Brief:
Retype the opening lines of the data exactly, stopping after the line that contains "This is an e-Liquid". Skip every picture.

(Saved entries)
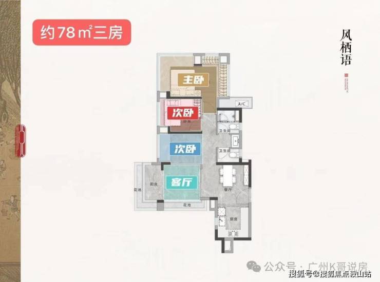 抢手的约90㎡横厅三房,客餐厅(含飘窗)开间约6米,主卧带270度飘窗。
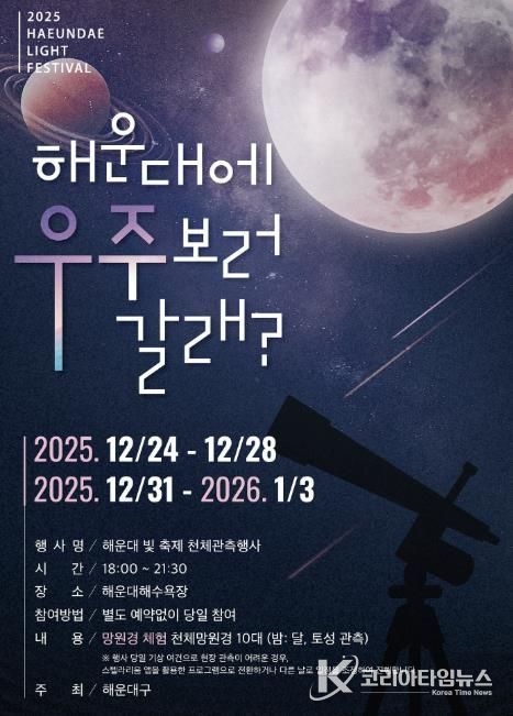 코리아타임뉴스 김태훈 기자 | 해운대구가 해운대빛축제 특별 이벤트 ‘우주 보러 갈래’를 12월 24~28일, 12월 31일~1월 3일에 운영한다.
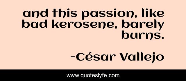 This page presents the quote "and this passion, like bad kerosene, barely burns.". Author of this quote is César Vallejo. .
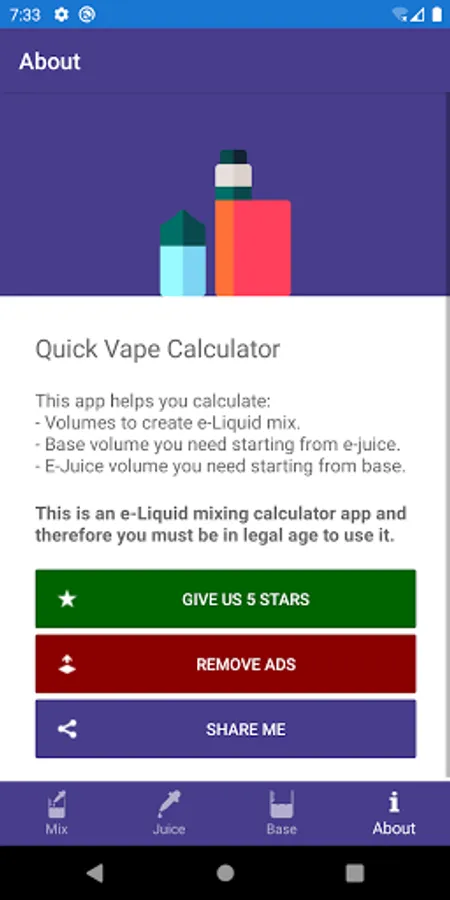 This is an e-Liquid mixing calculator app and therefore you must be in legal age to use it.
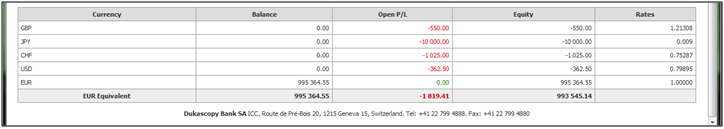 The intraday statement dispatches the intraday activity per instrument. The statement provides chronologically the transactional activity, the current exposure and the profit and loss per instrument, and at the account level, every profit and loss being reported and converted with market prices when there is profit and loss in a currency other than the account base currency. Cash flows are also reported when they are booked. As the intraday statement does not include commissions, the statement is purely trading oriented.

Expected answer:
 抢手的约90㎡横厅三房,客餐厅(含飘窗)开间约6米,主卧带270度飘窗。
 코리아타임뉴스 김태훈 기자 | 해운대구가 해운대빛축제 특별 이벤트 ‘우주 보러 갈래’를 12월 24~28일, 12월 31일~1월 3일에 운영한다.
 This page presents the quote "and this passion, like bad kerosene, barely burns.". Author of this quote is César Vallejo. .
 This is an e-Liquid mixing calculator app and therefore you must be in legal age to use it.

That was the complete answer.